Drif started as a bookseller in the 1960s and later made a living partly as a "runner" or booksearcher, obtaining titles to order for private customers. In 1984 he began producing a self-published guide to All The Secondhand and Antiquarian Bookshops in Britain. Hugely successful for its wit and wide coverage of the field, the guide was nonetheless chaotic, idiosyncratic and often sarcastic, with entries such as: "the b[oo]ks are slowly transforming themselves back into rags"; "judging by body temp, shop seems to have expired in 1930"; "I could smell a bargain, pity was I had a cold that day"; "owner has been unwell recently with bad back (possibly caused by turning on the customers once too often)".

Drif also launched a periodical called Driffs: The Antiquarian and Secondhand Fortnightly, although the magazine was rarely published as frequently as that and folded in 1986 after 22 issues. Drif claimed to have debts of some £50,000 arising from the venture.

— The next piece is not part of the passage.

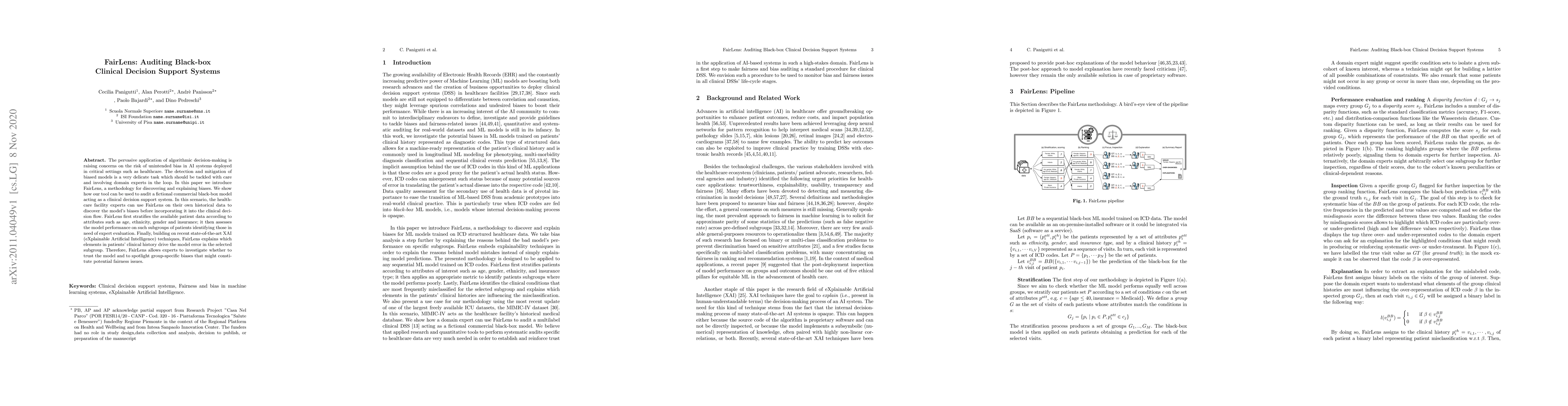 FairLens is a methodology for auditing black-box clinical decision support systems to detect and explain biases. It stratifies patient data by demographics and assesses model performance, identifying subgroups for expert evaluation and explaining factors driving model errors.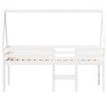 This high sleeper bed, with versatility at the heart of its design, is a perfect combination of sleek, modern styling and practicality. It is ideal for small rooms. Solid pine wood: Solid pine wood is a beautiful natural material. Pine wood has a straight grain, and the knots give the material its signature, rustic look.Practical function: The loft bed offers a great way to utilise floor space in your child's bedroom, you can combine it with a cool game curtain, game mattress and shed panel as a play corner or use the area underneath for storage. The plywood slats provide additional support for your bed. It extends the lifetime of your mattress by absorbing most of the stress and weight on the bed.Safe design: The high bed's built-in ladder makes climbing in and out of bed easy, and guardrails ensure your young ones stay safe while they slumber.Great fun: By combining the roof with your child's bed, you can create a hideaway that offers your kid lots of bedtime fun. This innovative addition will not only be a thrilling focal point but will also bring wonder and excitement to the kids' room.Open side door: The roof features an open side door, providing easy access for your kids to get in and out of bed. Good to know:A mattress is not included with this bed. We do offer a various selection of mattresses. You can check our shop for a matching mattress.

The guide went through at least seven editions, dated 1984, 1985, 1987, 1991, 1992, 1994 and 1995. In the third he seemed to refer to a spell of mental illness after the publication of the second, though Francis Wheen thought this an intentionally misleading reference.

Name and identity

Although photos exist of the man (he fancied he resembled Raymond Carver) little is known about him or his current whereabouts, or even if he is still alive. Some sources cite his name as "B.C.M. Driffield" (probably by confusion with a post-office-box name) and others as "David Richard Ian Frederick Field", though Ian Sinclair implies that his real name has no direct relation to the word "Driffield", which was a name "found on a Yorkshire or Gloucestershire road sign". He is believed to have been brought up near Portsmouth and attended school in Newbury, England. In 1991 Francis Wheen considered that he "seems to be in his forties". Rumours persist of his being a spy, a criminal, a lunatic, a confidence trickster, a transvestite (he is depicted in drag in one edition of his Guide, and claims to have been treated in a "transvestite clinic"), a dandy, a fascist and a pedestrian (who claimed to have visited more than 1000 bookshops by public transport, bicycle and on foot). Most of these rumours are believed to originate from Drif himself.

In pop culture

Drif appears as a character in Iain Sinclair's novel White Chappell, Scarlet Tracings (1987). He took part at some point in The Cardinal And The Corpse, an occult documentary made by Chris Petit for Channel 4 and also featuring Alan Moore and Iain Sinclair.